For example, a typical ocular formulation may comprise the compound alone or in combination with a b-adrenergic blocking agent such as timolol maleate or a parasympathomimetic agent such as pilocarpine. When used in combination, the two active ingredients are present in approximately equal parts.

Any suitable route of administration may be employed or providing a mammal, especially a human, with an effective dosage of a compound of the invention. For example, oral, rectal, topical, parenteral, ocular, pulmonary, nasal, etc. routes may be employed. Dosage forms include tablets, troches, dispersions, suspensions, solutions, capsules, creams, ointments, aerosols, and the like.
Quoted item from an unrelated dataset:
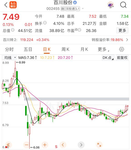 截至7月1日收盘,百川股份报收于7.49元/股,最新市值为44.51亿元。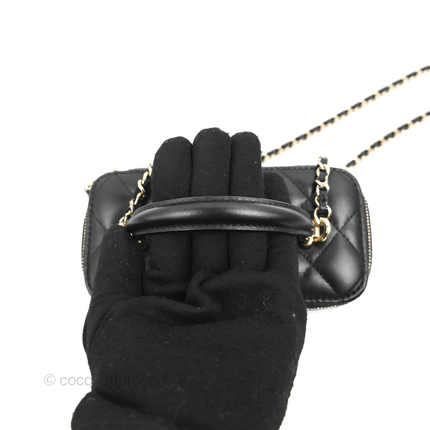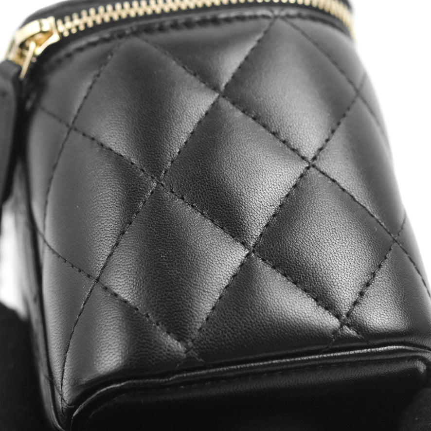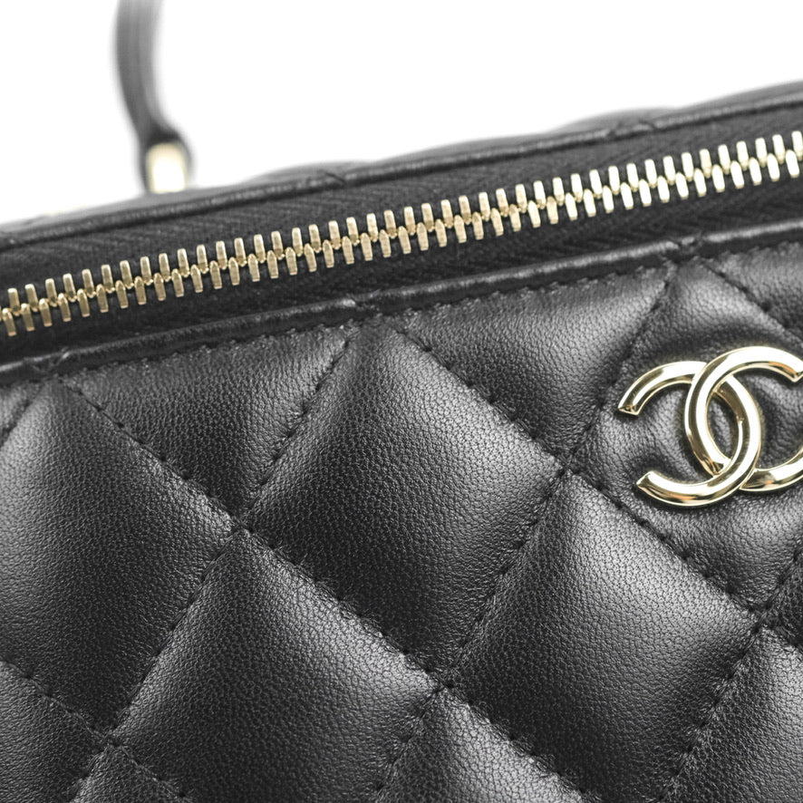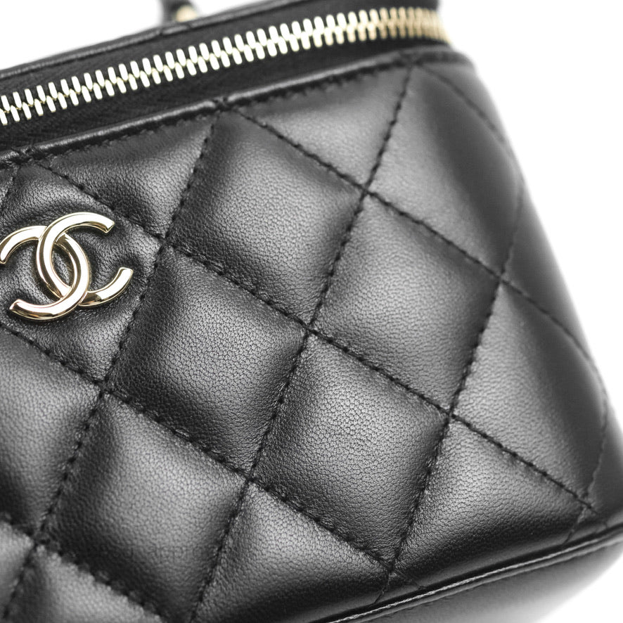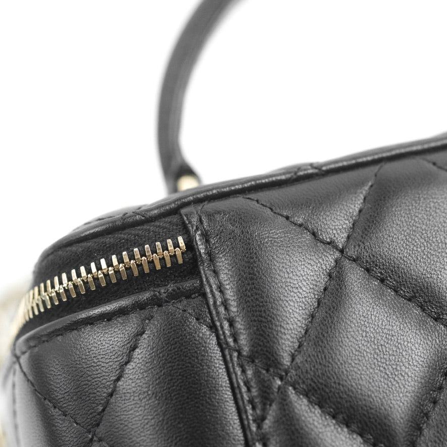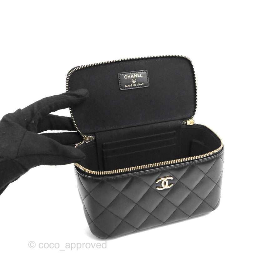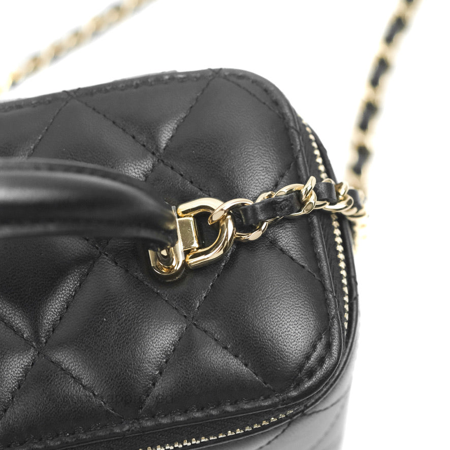 Chanel Vanity Rectangular Top Handle Black Lambskin Gold Hardware

The pharmaceutical compositions of the present invention comprise a compound of formula I, or a pharmaceutically acceptable salt thereof, as an active ingredient, and may also contain a pharmaceutically acceptable carrier and, optionally, other therapeutically active ingredients. The invention includes such compositions for use in the treatment of an inflammatory, immune or autoimmune disease, particularly arthritis, transplant rejection or an inflammatory airways disease, especially asthma.

The compositions include compositions suitable for oral, rectal, topical (including trans- dermal devices, aerosols, creams, ointments, lotions, and dusting powders), parenteral (including subcutaneous, intramuscular, and intravenous), ocular (ophthalmic), pulmonary (nasal or buccal inhalation), or nasal administration; although the most suitable route in any given case will depend largely on the nature and severity of the condition being treated and on the nature of the active ingredient. They may be conveniently presented in unit dosage form and prepared by any of the methods well known in the art of pharmacy.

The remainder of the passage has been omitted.